The video shows a further improved version of the robot, capable of walking with unexpected ease in a confined environment.

Moving up a gear

The video was also filmed by Milan Kovac, the engineer in charge of the project, who pointed out that the robot's speed is the fastest ever achieved. Thanks to a series of design improvements, Tesla's Optimus moves at a speed of 0.6 metres per second, 30% faster than previously shown.

In absolute terms, this speed is 1.4 mph. This is still half the speed of a normal human being, but the designers believe that with this technology, Tesla's humanoid robot could reach 5 mph in the future.

 

New jobs for the Optimus

The video posted on social networks comes a few weeks after the one in which Elon Musk himself showed the latest evolution of the Optimus and highlighted the new progress made by the American company.

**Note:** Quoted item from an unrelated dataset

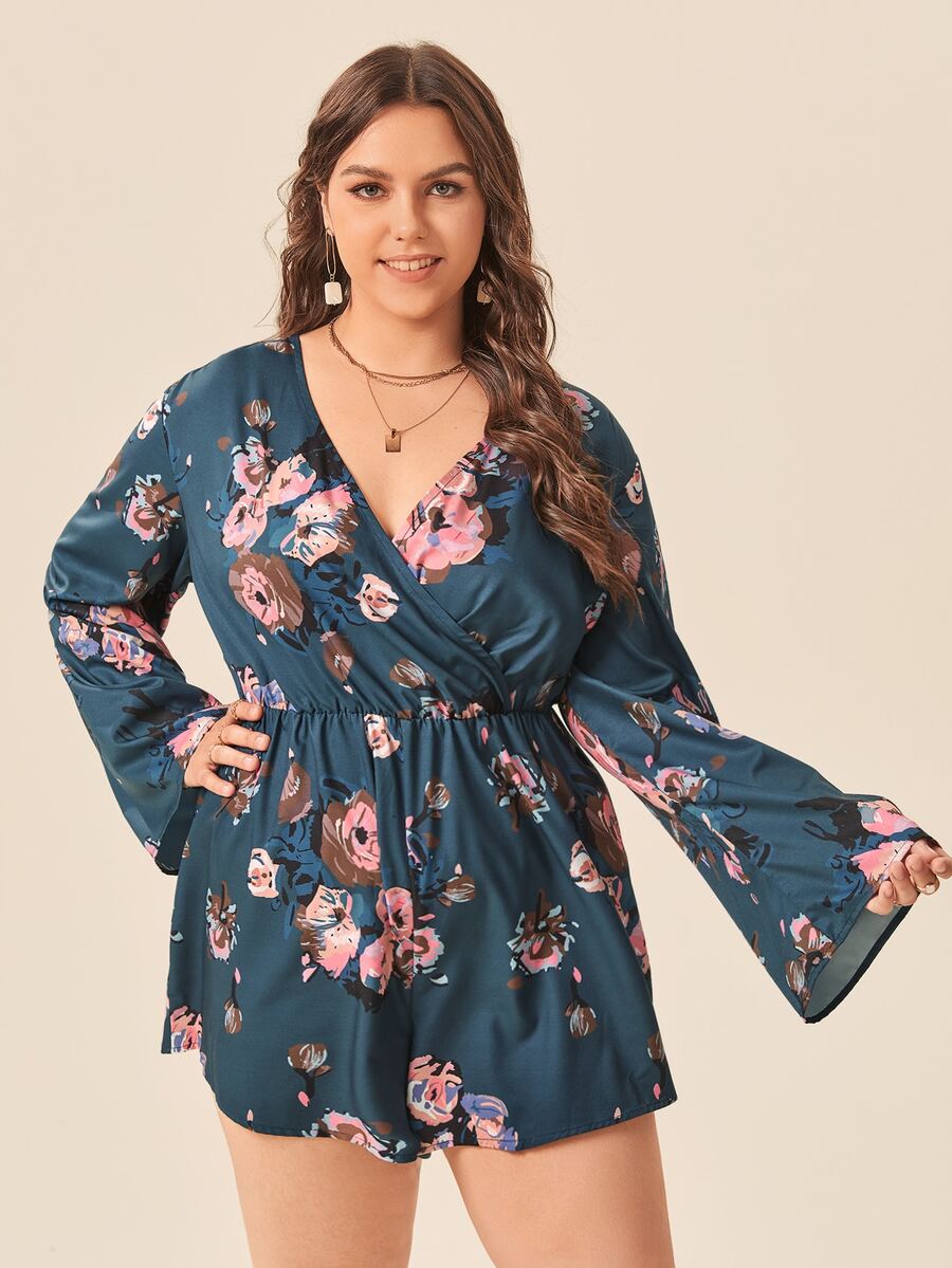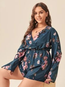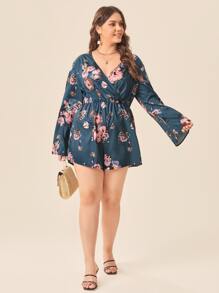 Plus Floral Print Wrap Romper

The robot, which at the time of its presentation was considered a mere provocation by Tesla's CEO, is instead making great strides and seems to have all the cards in its hand to one day reach the market. Elon Musk believes that it could represent a huge growth opportunity for the company he leads, and has opened 61 additional jobs to fill the team of engineers working on this initiative.

According to the Tesla CEO's wishes, the Optimus should arrive on the market as early as 2025. Nothing has been confirmed and, as with other Tesla initiatives (such as Full Self Driving), the timeframe could be longer. But sooner or later, the Optimus will go on sale on a regular basis, with a price tag of around €20,000 (approx. £17,000).

It's not just Tesla

What's interesting is that Tesla's humanoid robot is already being used on the production lines of the American carmaker and is proving capable of doing what it was created to do: replacing humans in dangerous, tedious or arduous tasks.

But NIO has also started to use humanoid robots in its factories. This is the case with Walker S, a product of UBtech, used on the assembly line to assist flesh-and-blood workers in carrying out particularly arduous tasks.

A month ago, BMW also announced its intention to employ humanoid robots in its factories. In this case, the German manufacturer had signed an agreement with the start-up Figure.